» What the task asks:
Once you find the line with "Finally, if you’re" in the entries below, print it and each line after it up to and including the line with "The family of", exactly, without pictures.

» Task inputs:

- Opening Delimiter -

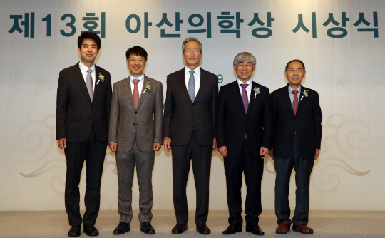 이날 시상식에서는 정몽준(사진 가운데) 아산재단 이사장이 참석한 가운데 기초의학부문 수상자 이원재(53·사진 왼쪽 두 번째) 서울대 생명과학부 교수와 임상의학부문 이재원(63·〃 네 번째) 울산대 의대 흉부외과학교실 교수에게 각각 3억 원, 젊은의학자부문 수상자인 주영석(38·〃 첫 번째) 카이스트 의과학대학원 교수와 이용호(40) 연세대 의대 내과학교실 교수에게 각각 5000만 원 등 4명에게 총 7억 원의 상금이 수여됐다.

- Closing Delimiter -
- Opening Delimiter -

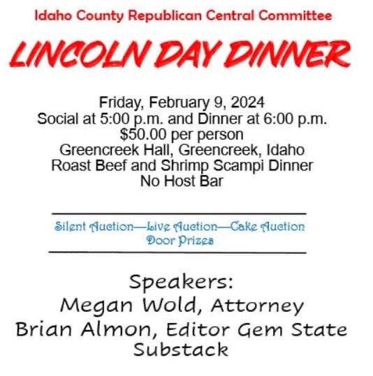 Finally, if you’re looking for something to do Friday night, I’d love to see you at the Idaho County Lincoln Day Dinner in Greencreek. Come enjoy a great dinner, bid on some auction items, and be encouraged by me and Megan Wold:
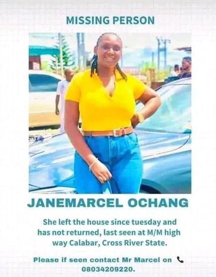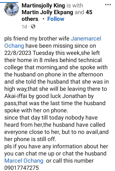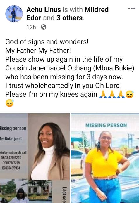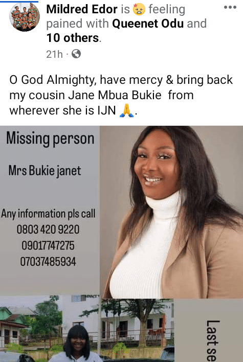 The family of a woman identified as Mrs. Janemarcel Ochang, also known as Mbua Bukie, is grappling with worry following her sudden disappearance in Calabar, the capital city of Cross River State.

- Closing Delimiter -

» Output of the task:
 Finally, if you’re looking for something to do Friday night, I’d love to see you at the Idaho County Lincoln Day Dinner in Greencreek. Come enjoy a great dinner, bid on some auction items, and be encouraged by me and Megan Wold:
 The family of a woman identified as Mrs. Janemarcel Ochang, also known as Mbua Bukie, is grappling with worry following her sudden disappearance in Calabar, the capital city of Cross River State.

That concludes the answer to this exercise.